Satoshi deu de ombros.

— Bem, não é como se eu odiasse pedalar, isso realmente não é algo ruim, mas não precisaria me desgastar tanto se pudesse pelo menos estar com o meu celular.

— E você não pode fazer alguma coisa sobre isso?

— Não é permitido o uso de celulares a nenhum dos estudantes no campus. Mas, na verdade, se alguém se machucar eu poderia usar o celular pra pedir ajuda, não é? Eles precisam seriamente reavaliar suas regras. Sério.

Com isso, ele também lamentou a inflexível estrutura organizacional do Comitê Executivo, mas de repente uma expressão séria pairou sobre ele.

— De qualquer modo, você já tem alguma ideia sobre aquilo?

Como estava caminhando devagar, respondi imediatamente.

— Ainda não.

— Acho que a Mayaka...

Ele começou a falar, mas logo parou. Tinha ideia do que ele pretendia falar, então logo continuei.

— É obvio que ela suspeita de mim.

— Não, não acho que seja esse o caso. Parece que agora ela imagina que não tenha sido você. Foi o que me falaram, mas aparentemente ela disse: “Não acho que o Houtarou tenha feito alguma coisa. Afinal, ele literalmente não fez nada.”
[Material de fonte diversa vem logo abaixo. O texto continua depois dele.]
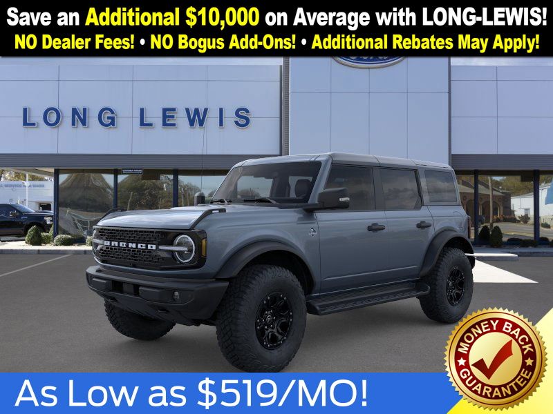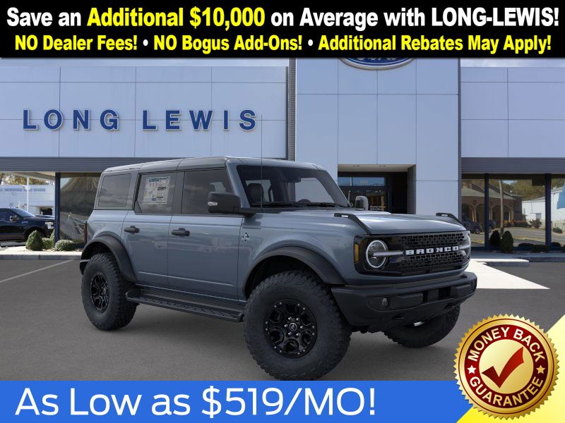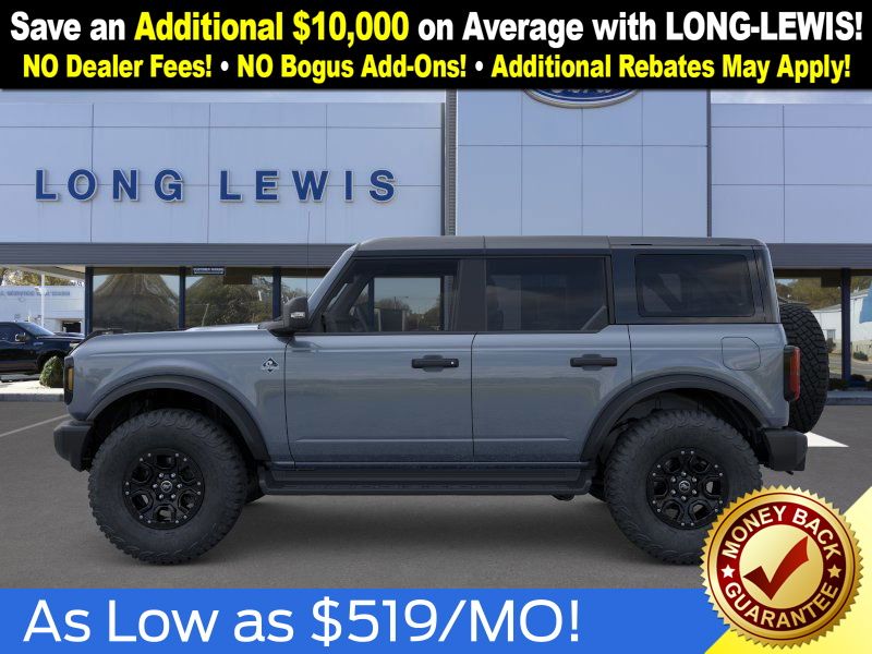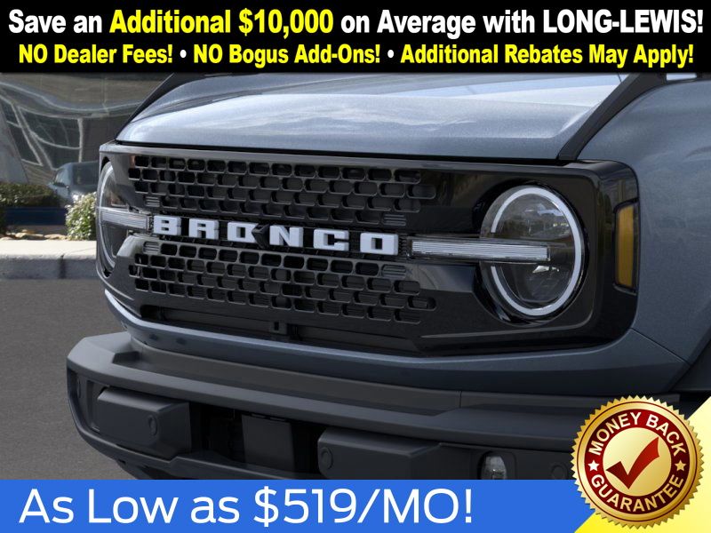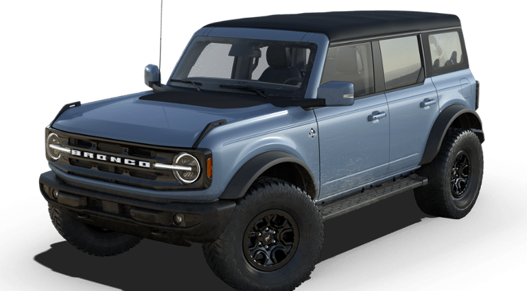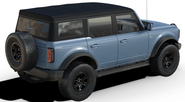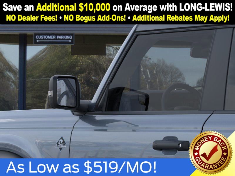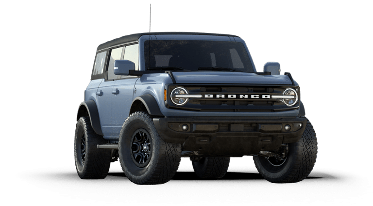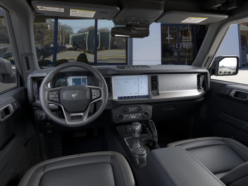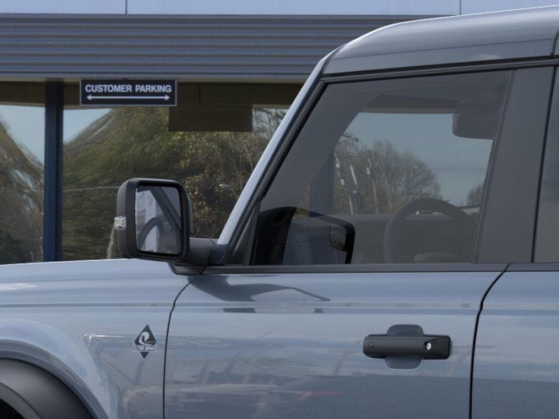 Azure Gray Metallic Tri-Coat 2025 Ford Bronco Outer Banks FCT 4WD 10-Speed Automatic 2.7L EcoBoost V6 18" Bright Machined Aluminum Wheels, 3.73 Axle Ratio, 4-Wheel Disc Brakes, 4.7 Final Drive Ratio, 7 Speakers, ABS brakes, Air Conditioning, Alloy wheels, AM/FM radio: SiriusXM with 360L, AM/FM Stereo, Auto High-beam Headlights, Auto-dimming Rear-View mirror, Automatic temperature control, Black Appearance Package, Black Molded-In-Color Door Handles, Black Molded-In-Color Fender Flares, Black Molded-In-Color Sideview Mirror Caps, Black-Painted Molded-In-Color Grille, Brake assist, Compass, Connected Navigation, Delay-off headlights, Driver door bin, Driver vanity mirror, Dual front impact airbags, Dual front side impact airbags, Electronic Stability Control, Emergency communication system: 911 Assist, Exterior Parking Camera Rear, Front anti-roll bar, Front Bucket Seats, Front Center Armrest, Front dual zone A/C, Front fog lights, Front License Plate Bracket, Front reading lights, Front wheel independent suspension, Fully automatic headlights, Hard Top Sound Deadening Headliner, Heated door mirrors, Heated front seats, Heated Leather-Trimmed/Vinyl Bucket Seats, Heated steering wheel, High Clearance Fender Flares, High Clearance Suspension, Illuminated entry, Integrated roll-over protection, Leather Shift Knob, Low tire pressure warning, Navigation system: Connected Navigation, Occupant sensing airbag, Outside temperature display, Overhead airbag, Overhead console, Panic alarm, Passenger door bin, Passenger vanity mirror, Position-Sensitive Bilstein Shock Absorbers, Power door mirrors, Power driver seat, Power passenger seat, Power steering, Power windows, Radio data system, Rear seat center armrest, Rear-Window Defroster & Washer, Remote keyless entry, Sasquatch Package, Security system, Shadow Black-Painted Hard Top, SiriusXM w/360L, Speed control, Split folding rear seat, Steering wheel mounted audio controls, SYNC 4, Tachometer, Telescoping steering wheel, Tilt steering wheel, Traction control, Trip computer, Variably intermittent wipers, Voltmeter.

Um sorriso amargo se espalhou em meu rosto. Não somente isso soa definitivamente como algo que Ibara diria, como também é a realidade. Não fiz absolutamente nada ontem.

Entretanto, se é dessa maneira que ela realmente pensa, as coisas podem vir a se tornar um pouco problemáticas.

— Se não fui eu...

— Exatamente — Prosseguiu Satoshi com um suspiro profundo.

Se não fui eu, existe apenas uma única outra pessoa que poderia ter sido o responsável. Comecei a pensar sobre o acontecimento de ontem.